*** INPUT DATA ***

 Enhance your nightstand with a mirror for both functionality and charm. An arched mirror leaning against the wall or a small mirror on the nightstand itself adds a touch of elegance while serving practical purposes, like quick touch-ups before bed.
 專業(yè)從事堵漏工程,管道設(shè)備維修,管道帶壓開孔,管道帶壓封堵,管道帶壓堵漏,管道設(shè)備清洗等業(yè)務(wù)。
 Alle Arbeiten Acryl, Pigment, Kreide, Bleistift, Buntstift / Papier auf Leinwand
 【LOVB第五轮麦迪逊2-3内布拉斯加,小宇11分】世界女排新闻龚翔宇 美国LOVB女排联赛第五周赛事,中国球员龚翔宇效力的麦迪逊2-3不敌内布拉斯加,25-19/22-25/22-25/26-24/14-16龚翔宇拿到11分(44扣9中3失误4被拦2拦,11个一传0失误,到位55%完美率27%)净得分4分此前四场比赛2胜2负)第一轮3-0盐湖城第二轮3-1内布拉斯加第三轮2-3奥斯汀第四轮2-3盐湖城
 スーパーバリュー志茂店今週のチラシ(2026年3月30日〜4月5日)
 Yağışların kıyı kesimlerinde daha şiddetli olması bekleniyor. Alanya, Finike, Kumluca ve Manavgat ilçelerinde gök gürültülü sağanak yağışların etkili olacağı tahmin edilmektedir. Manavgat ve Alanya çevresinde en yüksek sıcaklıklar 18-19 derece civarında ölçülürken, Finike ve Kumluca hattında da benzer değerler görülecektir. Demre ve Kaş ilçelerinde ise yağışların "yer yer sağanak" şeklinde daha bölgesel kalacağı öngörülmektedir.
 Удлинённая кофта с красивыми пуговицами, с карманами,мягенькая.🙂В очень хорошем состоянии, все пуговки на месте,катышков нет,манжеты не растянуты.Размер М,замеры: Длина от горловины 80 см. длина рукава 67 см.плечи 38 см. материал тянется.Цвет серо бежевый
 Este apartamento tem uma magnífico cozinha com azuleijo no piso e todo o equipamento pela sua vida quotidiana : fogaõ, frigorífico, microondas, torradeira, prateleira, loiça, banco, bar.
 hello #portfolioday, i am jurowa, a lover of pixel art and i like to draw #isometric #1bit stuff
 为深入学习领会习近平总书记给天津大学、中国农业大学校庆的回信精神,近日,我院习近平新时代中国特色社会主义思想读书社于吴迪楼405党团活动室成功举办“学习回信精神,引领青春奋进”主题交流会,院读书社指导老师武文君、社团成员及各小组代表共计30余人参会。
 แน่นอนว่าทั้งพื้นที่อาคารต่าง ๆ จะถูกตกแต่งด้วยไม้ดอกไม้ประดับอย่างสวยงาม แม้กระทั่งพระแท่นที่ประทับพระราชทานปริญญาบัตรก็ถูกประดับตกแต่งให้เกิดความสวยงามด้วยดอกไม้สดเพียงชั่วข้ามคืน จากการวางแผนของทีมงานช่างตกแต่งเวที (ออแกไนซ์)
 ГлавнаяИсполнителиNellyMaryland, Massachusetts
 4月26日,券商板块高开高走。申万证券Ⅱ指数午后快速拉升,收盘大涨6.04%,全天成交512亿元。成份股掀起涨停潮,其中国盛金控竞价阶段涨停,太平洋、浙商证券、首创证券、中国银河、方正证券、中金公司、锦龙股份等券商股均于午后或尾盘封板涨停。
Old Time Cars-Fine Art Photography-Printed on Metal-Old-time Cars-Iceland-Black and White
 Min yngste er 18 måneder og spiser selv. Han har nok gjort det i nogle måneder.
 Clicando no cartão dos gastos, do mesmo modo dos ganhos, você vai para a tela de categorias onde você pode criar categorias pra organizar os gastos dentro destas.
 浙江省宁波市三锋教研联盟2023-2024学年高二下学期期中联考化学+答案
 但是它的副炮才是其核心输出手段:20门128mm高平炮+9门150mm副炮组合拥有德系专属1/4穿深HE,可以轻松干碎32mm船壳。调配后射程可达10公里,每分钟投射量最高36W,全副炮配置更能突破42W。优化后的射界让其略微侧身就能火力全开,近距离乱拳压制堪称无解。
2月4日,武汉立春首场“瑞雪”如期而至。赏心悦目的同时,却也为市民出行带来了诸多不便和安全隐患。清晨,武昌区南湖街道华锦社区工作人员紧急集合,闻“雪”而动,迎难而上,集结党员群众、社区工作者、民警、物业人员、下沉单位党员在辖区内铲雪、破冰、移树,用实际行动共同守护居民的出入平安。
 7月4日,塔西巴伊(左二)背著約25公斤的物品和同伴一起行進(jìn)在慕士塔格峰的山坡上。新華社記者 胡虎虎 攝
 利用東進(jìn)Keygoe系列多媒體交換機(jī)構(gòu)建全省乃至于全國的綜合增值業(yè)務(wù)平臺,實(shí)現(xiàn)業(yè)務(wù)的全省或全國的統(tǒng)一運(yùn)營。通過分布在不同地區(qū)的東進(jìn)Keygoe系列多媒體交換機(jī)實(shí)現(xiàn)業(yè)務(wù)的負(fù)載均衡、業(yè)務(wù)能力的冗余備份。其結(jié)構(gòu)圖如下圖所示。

*** End of INPUT DATA ***

## WHAT YOU SHOULD DO:
Would you output, from the records above, exactly the run of lines that starts at the line containing "Удлинённая кофта с" and ends at the line containing "为深入学习领会习近平总书记给", and only that run?

## EXPECTED OUTPUT:
 Удлинённая кофта с красивыми пуговицами, с карманами,мягенькая.🙂В очень хорошем состоянии, все пуговки на месте,катышков нет,манжеты не растянуты.Размер М,замеры: Длина от горловины 80 см. длина рукава 67 см.плечи 38 см. материал тянется.Цвет серо бежевый
 Este apartamento tem uma magnífico cozinha com azuleijo no piso e todo o equipamento pela sua vida quotidiana : fogaõ, frigorífico, microondas, torradeira, prateleira, loiça, banco, bar.
 hello #portfolioday, i am jurowa, a lover of pixel art and i like to draw #isometric #1bit stuff
 为深入学习领会习近平总书记给天津大学、中国农业大学校庆的回信精神,近日,我院习近平新时代中国特色社会主义思想读书社于吴迪楼405党团活动室成功举办“学习回信精神,引领青春奋进”主题交流会,院读书社指导老师武文君、社团成员及各小组代表共计30余人参会。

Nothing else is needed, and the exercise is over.